*Problem details:*
Beginning with the line that contains "This image shows", transcribe the rest of the listing below exactly, including its last line, and exclude any pictures.

*Raw data:*
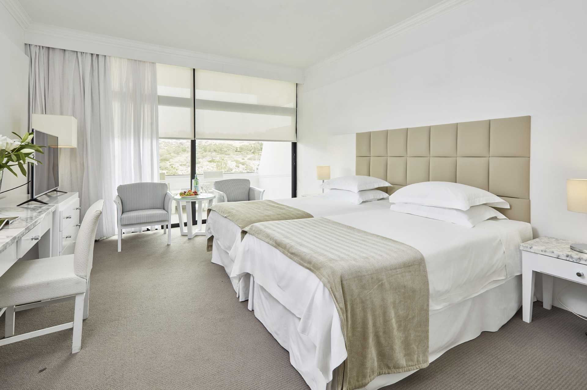 Dobbeltrom med balkong, noen med havutsikt eller begrenset havutsikt. En dobbeltseng eller to enkeltsenger. Minibar. Vannkoker samt kaffe og te. Wifi, luftkondisjonering og safe inkludert. TV. Hårføner. Badekåper og tøfler Badekar og dusj samt wc. Rengjøring 7 ggr/uke.
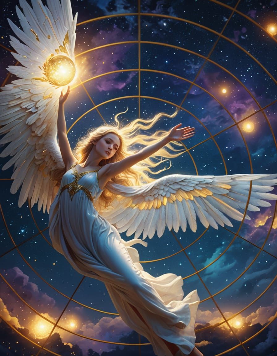 This image shows a beautiful female angel flying through a starry night sky, reaching for a glowing orb with vibrant golden accents, set against a deep blue and purple backdrop with a subtle mist effect, creating a dramatic and cinematic scene.
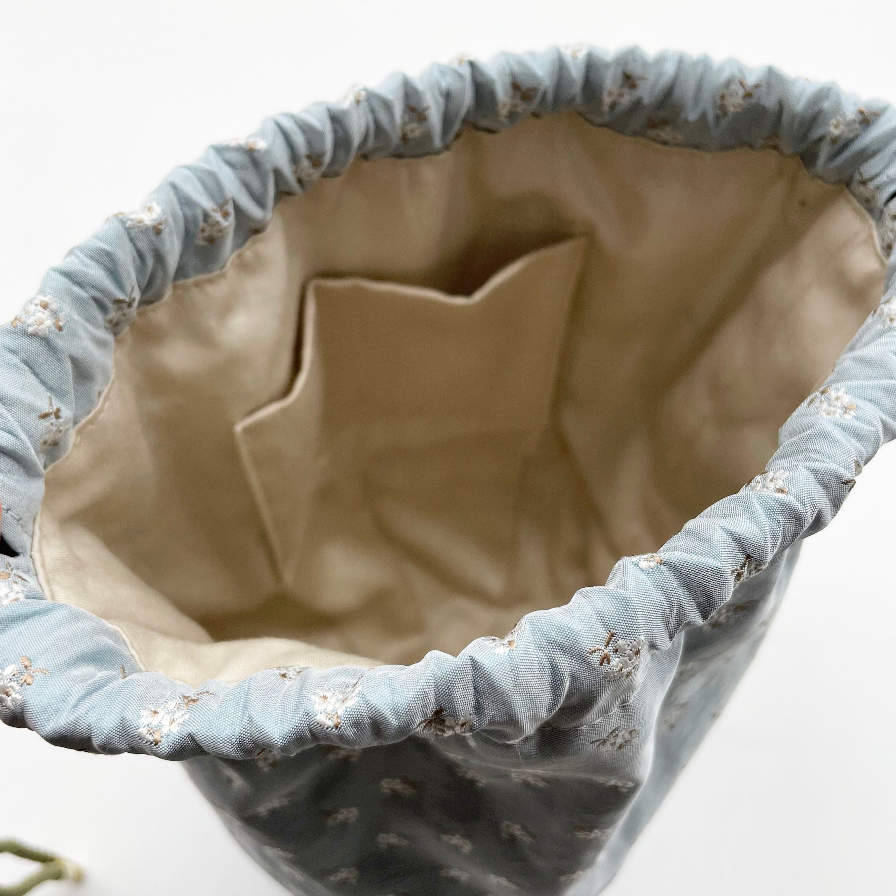 ひもはご自身でお好きな長さに結んで、肩掛けでも手持ちでもご使用できます(斜め掛けは難しいです)

*Solution to the problem:*
 This image shows a beautiful female angel flying through a starry night sky, reaching for a glowing orb with vibrant golden accents, set against a deep blue and purple backdrop with a subtle mist effect, creating a dramatic and cinematic scene.
 ひもはご自身でお好きな長さに結んで、肩掛けでも手持ちでもご使用できます(斜め掛けは難しいです)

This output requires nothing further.